Hollywood big guns are currently being held to task for years of unspoken sexual harrassment and abuse, and the latest name to be called out is One Tree Hill creator Mark Schwahn.
18 members of the teen series’ cast and crew – including stars Sophia Bush, Bethany Joy Lenz and Hilarie Burton – released a joint letter on Monday to state that they stand with writer Audrey Wauchope, who spoke out on Twitter on Saturday about Schwahn and his behaviour toward her and her writing partner, Rachel Specter. It’s harrowing stuff.
In light of the Andrew Kreisberg reporting, a couple thoughts about my first writing job that I’ve wanted to say for years but have never had the guts to. When I was 29 my writing partner @RachelSpecter and I were hired as staff writers.
— Audrey Wauchope Lieberstein (@audreyalison) November 12, 2017
To say we were excited was an understatement. To say we left that job demoralized and confused is also an understatement. One of the 1st things we were told was that the showrunner hired female writers on the basis of their looks. That’s why you’re here – he wants to fuck you.
— Audrey Wauchope Lieberstein (@audreyalison) November 12, 2017
Imagine feeling for the rest of your career that you’re possibly an imposter – that maybe just maybe you’re only here because you’re a body, not a mind. It creeps into your thoughts and keeps you up at night and makes you wonder.
— Audrey Wauchope Lieberstein (@audreyalison) November 12, 2017
Sometimes we wouldn’t luck out and he’d just squeeze his disgusting body in between us and put his arms around us, grinning. He pet hair. He massaged shoulders. I know he did more but not to me so they’re not my stories to share.
— Audrey Wauchope Lieberstein (@audreyalison) November 12, 2017
Moving on. Men on staff were shown naked photos of on an actress he was having an affair with. Naked photos she didn’t know were being passed around . Naked photos they didn’t want to see. This is such a violation,both to the actress and to the men forced to look and participate
— Audrey Wauchope Lieberstein (@audreyalison) November 12, 2017
He’s a man in a position of power who was allowed to run a television show for years where this behavior continuously went on. I don’t blame the men on that staff – I truly believe they were also in a way victims of psychological abuse and didn’t know what to do.

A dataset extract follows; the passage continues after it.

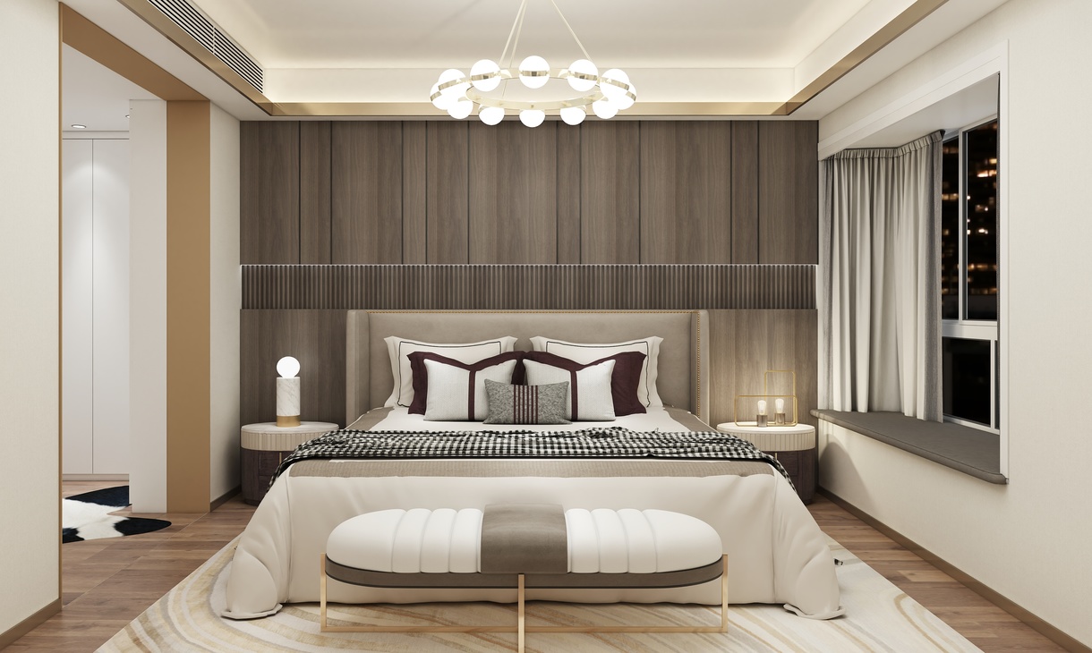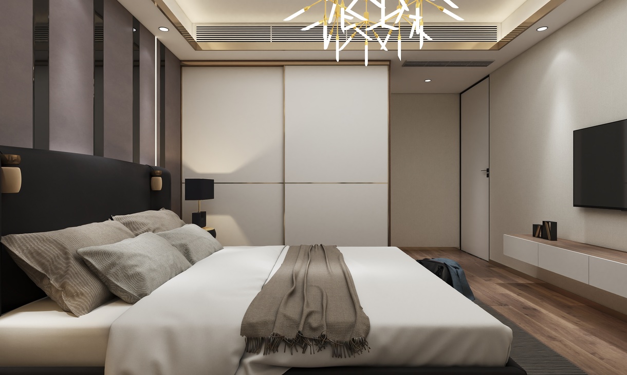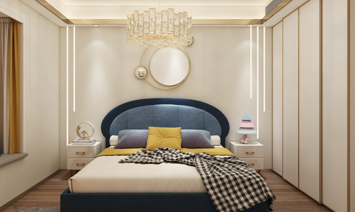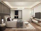 客卧的设计以简约时尚为主题,运用光的美,来营造整体视觉感观。

— Audrey Wauchope Lieberstein (@audreyalison) November 12, 2017
That’s right. The show runner did not attend the mandatory sexual harassment meeting. I don’t blame the studio, I doubt they knew. I blame a system that allows one person to have so much power they can do whatever they want.
— Audrey Wauchope Lieberstein (@audreyalison) November 12, 2017
I write all this to say that there are trickle down psychological effects to all this bullshit and the town is littered with the collateral damage of abusers who have been given free reign. If you’re sitting on one of these staffs please know whatever you are feeling is real.
— Audrey Wauchope Lieberstein (@audreyalison) November 12, 2017
The letter backs up Wauchope’s statements and outlines that the behaviour was also toward cast and crew.
Many of us were, to varying degrees, manipulated psychologically and emotionally. More than one of us is still in treatment for post-traumatic stress. Many of us were put in uncomfortable positions and had to swiftly learn to fight back, sometimes physically, because it was made clear to us that the supervisors in the room were not the protectors they were supposed to be. Many of us were spoken to in ways that ran the spectrum from deeply upsetting, to traumatizing, to downright illegal. And a few of us were put in positions where we felt physically unsafe.
The 18 cast and crew members then explain their reasons for previously not coming forward with this information.
Many of us were told, during filming, that coming forward to talk about this culture would result in our show being canceled and hundreds of lovely, qualified, hard-working, and talented people losing their jobs. This is not an appropriate amount of pressure to put on young girls. Many of us since have stayed silent publicly but had very open channels of communication in our friend group and in our industry, because we want Tree Hill to remain the place “where everything’s better and everything’s safe” for our fans; some of whom have said that the show quite literally saved their lives. But the reality is, no space is safe when it has an underlying and infectious cancer. We have worked at taking our power back, making the conventions our own, and relishing in the good memories. But there is more work to be done.